Dr. Kimberly D. McCorkle:Right. 
Dr. Patrick Brown:You know, on the faculty advisory board. And she said, "I want to bring you in as a Fellow; at the time, Dr. Alison Barton was the Faculty Fellow, and she was like, "The Provost is agreed; we're going to have a second Fellow. And, you know, I have some things I want you to do." And so that was all great. And the first thing I was going to do is we were gearing up for this international year. And she was going to send me to Korea. And that was supposed to happen in March of 2020. 
Dr. Kimberly D. McCorkle:Uh-oh. 
Dr. Patrick Brown:And then the world turned upside down. 
Dr. Kimberly D. McCorkle:Yes. 
Dr. Patrick Brown:And I was very, I was very fortunate to have just, you know, just started this fellowship when in March of 2020, we got the word, "Oh, by the way, you're not coming back to school after spring break." 
Dr.

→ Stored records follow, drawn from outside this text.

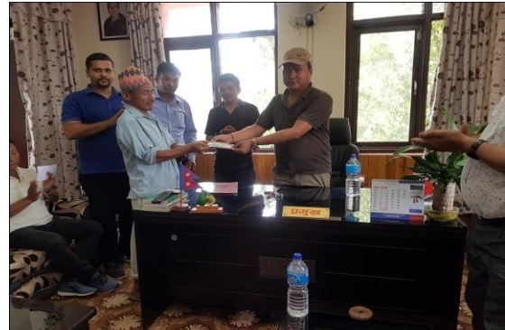
बाढीपहिरोबाट क्षति ब्यहोरेका १३० घरपरिवारलाई राहत रकम वितरण गर्नुहुँदै नगरप्रमुख ।
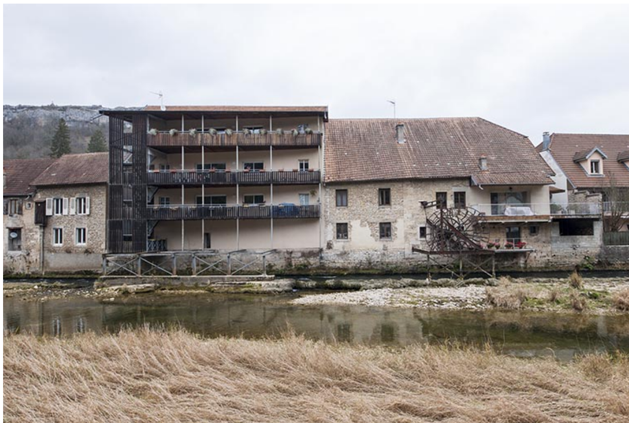
Façade sur la Loue depuis la rive gauche.
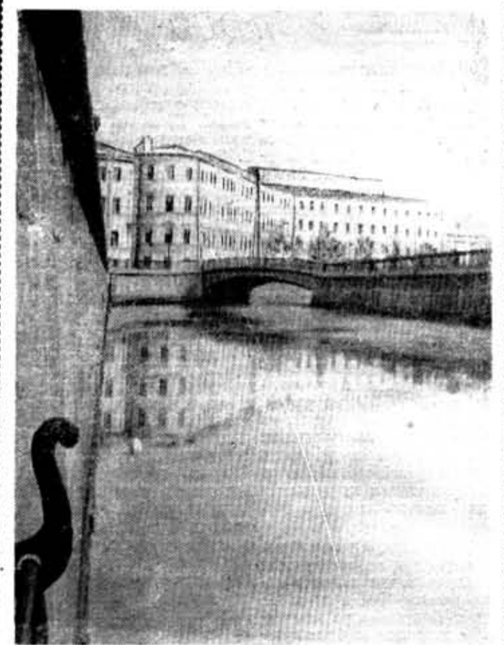
Канал Грибоедова.

Kimberly D. McCorkle:Right. 
Dr. Patrick Brown:And so then it was kind of all hands on deck. So I, you know, Amy had just brought me on board, and so she and Phil Smith, the assistant director of the CTE, and Alison and I were just scrambling to put together programming for our faculty who, some of whom had never even populated their their D2L page, their course website, and were now going to have to be teaching online full time. 
Dr. Kimberly D. McCorkle:Fully online. Right.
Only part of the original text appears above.